→ What is being asked
Would you restate the full listing word for word and omit its pictures?

→ Supplied information
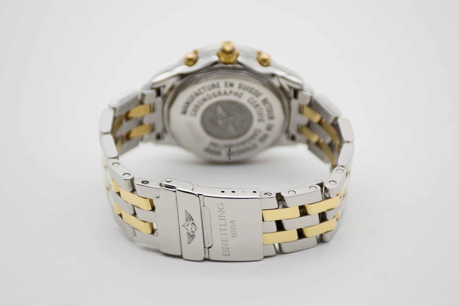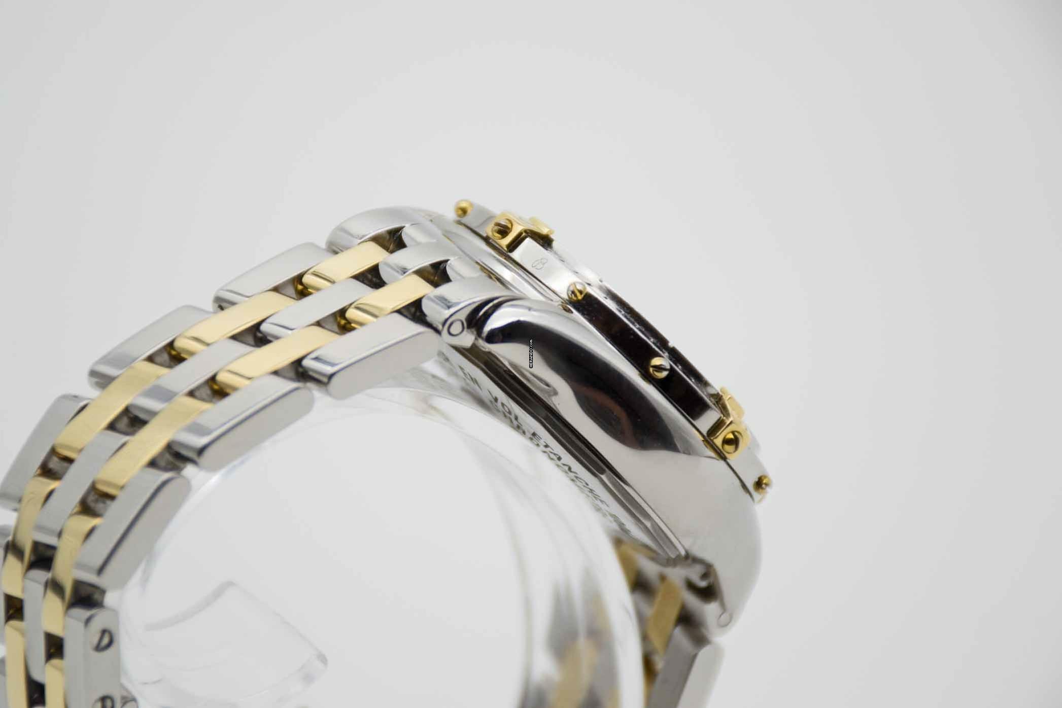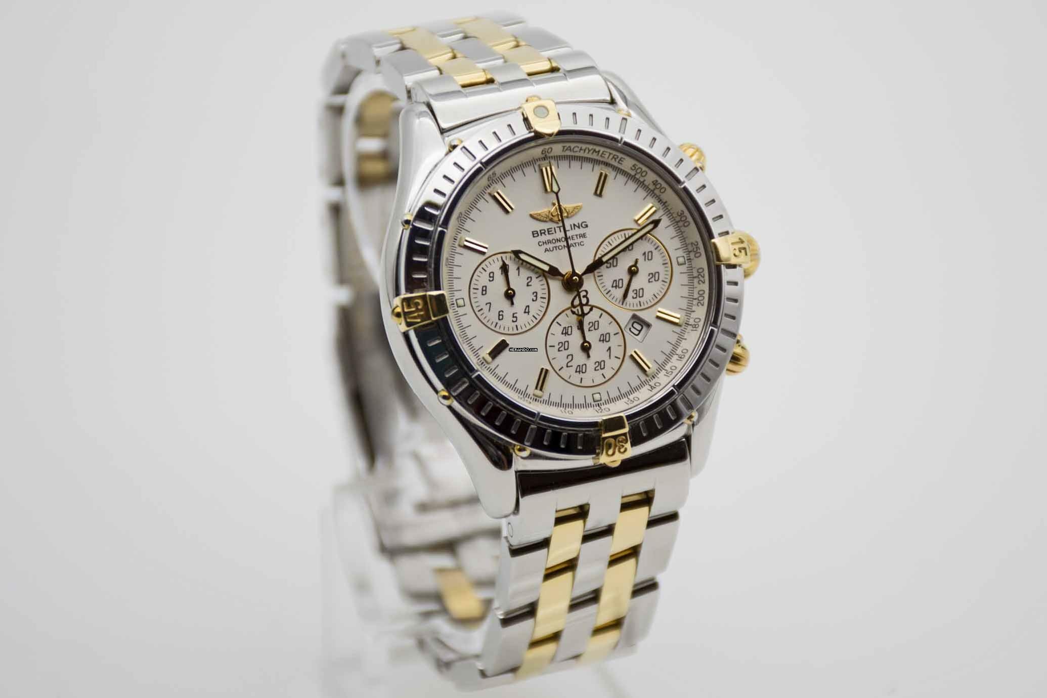 Shadow Flyback Chronomat B35312, 38 mm Sthal/Gold Gehäuse mit beigem Zifferblatt und perfektem Breitling Stahl/Gold Armband ohne Spannungsverlust. Komplettes Fullset aus Erstbesitz in Breitling Box mit Umkarton, Dokumentenetui, Bedienungsanleeitung, Chronometer Gangschein, neuem Service und Breitling Garantiezertifikat aus 2000 (deutsche Aulieferung). Top gepflegte Neovintage Pilotenuhr aus erster Hand in perfektem Zustand. Shadow Flyback Chronomat B35312, 38 mm stainless steel/18ct gold case with beige index dial and Breitling bicolor bracelet with zero stretch. Perfect full set in Breitling inner and outer box, with Chronometer certificate, document wallet, Shadow manual, new main service and Breitling warranty certificate from 2000 (LC100/German delivery). The watch comes from the first owner and is in perfect and mint condition.
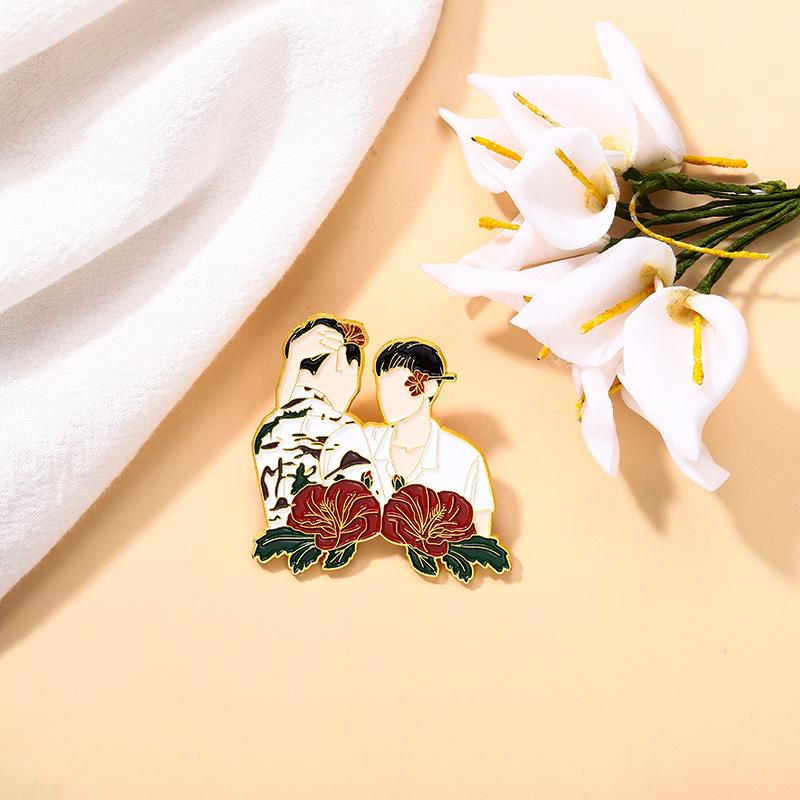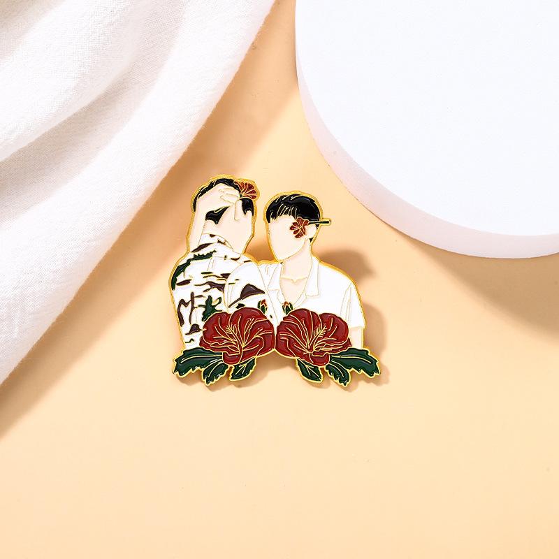 Shanhe xBKPP Insignia Periférica de Flor Hibamura x Broche Insignia de Metal Salvaje Conmemorativo Electrochapado Accesorios de Ropa
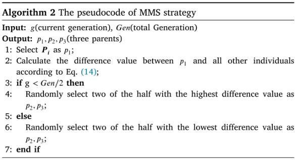 本文提出一种基于最大均值差异(MMD)的交配选择策略,通过量化个体间分布差异来动态调整搜索行为。在演化初期优先选择差异度大的个体作为父代,增强全局探索能力;在演化后期则侧重选择相似个体,加强局部开发效率。MMD作为再生核希尔伯特空间中的分布距离度量工具,能够有效处理高维决策变量的差异评估。
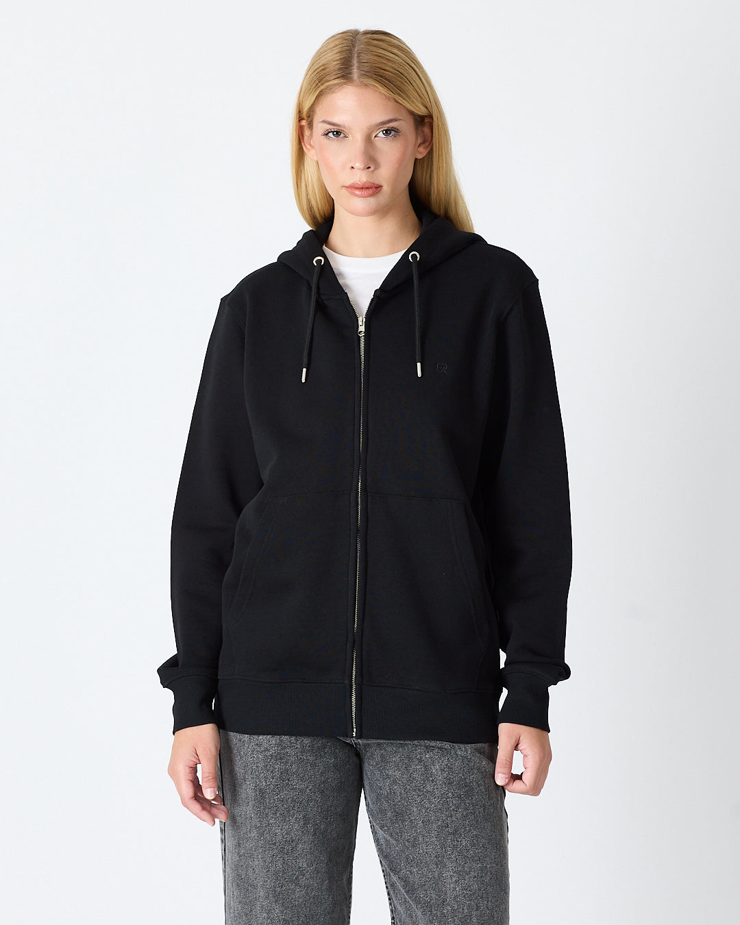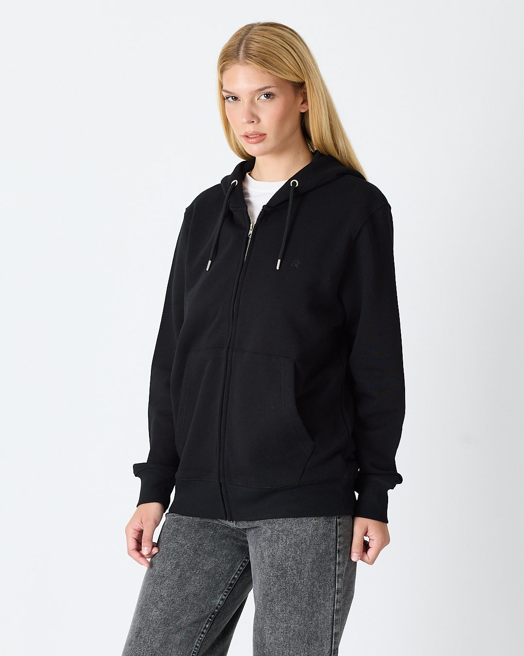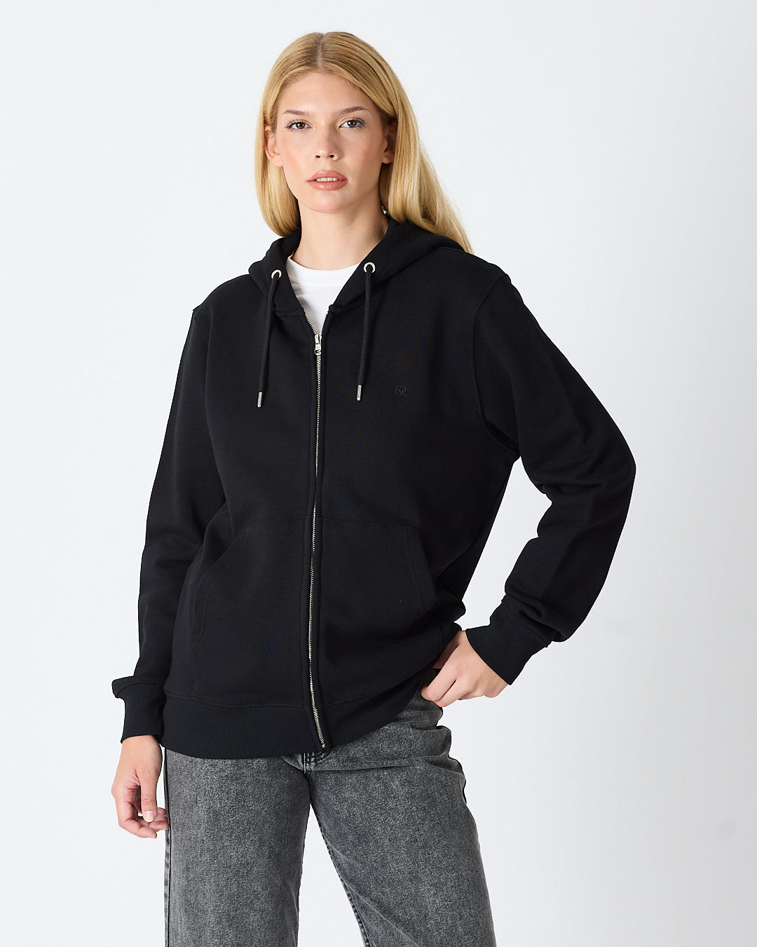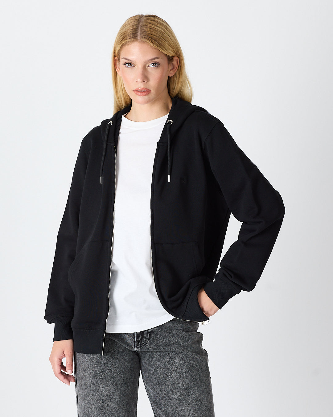Siyah rengiyle sade ve modern bir görünüm sunan kapüşonlu fermuarlı hırka; standart kalıbı, şardonlu iç yüzeyi ve pratik fermuar tasarımıyla günlük kullanım için rahat hem de işlevsel bir seçenek sunar. Göğüs kısmındaki siyah tona ton logo nakış detayı minimal ve şık duruş sağlar.%100 pamuklu kumaşı sayesinde yumuşak dokuda, nefes alabilir ve gün boyu konfor sunar.

→ Exercise solution
 Shadow Flyback Chronomat B35312, 38 mm Sthal/Gold Gehäuse mit beigem Zifferblatt und perfektem Breitling Stahl/Gold Armband ohne Spannungsverlust. Komplettes Fullset aus Erstbesitz in Breitling Box mit Umkarton, Dokumentenetui, Bedienungsanleeitung, Chronometer Gangschein, neuem Service und Breitling Garantiezertifikat aus 2000 (deutsche Aulieferung). Top gepflegte Neovintage Pilotenuhr aus erster Hand in perfektem Zustand. Shadow Flyback Chronomat B35312, 38 mm stainless steel/18ct gold case with beige index dial and Breitling bicolor bracelet with zero stretch. Perfect full set in Breitling inner and outer box, with Chronometer certificate, document wallet, Shadow manual, new main service and Breitling warranty certificate from 2000 (LC100/German delivery). The watch comes from the first owner and is in perfect and mint condition.
 Shanhe xBKPP Insignia Periférica de Flor Hibamura x Broche Insignia de Metal Salvaje Conmemorativo Electrochapado Accesorios de Ropa
 本文提出一种基于最大均值差异(MMD)的交配选择策略,通过量化个体间分布差异来动态调整搜索行为。在演化初期优先选择差异度大的个体作为父代,增强全局探索能力;在演化后期则侧重选择相似个体,加强局部开发效率。MMD作为再生核希尔伯特空间中的分布距离度量工具,能够有效处理高维决策变量的差异评估。
Siyah rengiyle sade ve modern bir görünüm sunan kapüşonlu fermuarlı hırka; standart kalıbı, şardonlu iç yüzeyi ve pratik fermuar tasarımıyla günlük kullanım için rahat hem de işlevsel bir seçenek sunar. Göğüs kısmındaki siyah tona ton logo nakış detayı minimal ve şık duruş sağlar.%100 pamuklu kumaşı sayesinde yumuşak dokuda, nefes alabilir ve gün boyu konfor sunar.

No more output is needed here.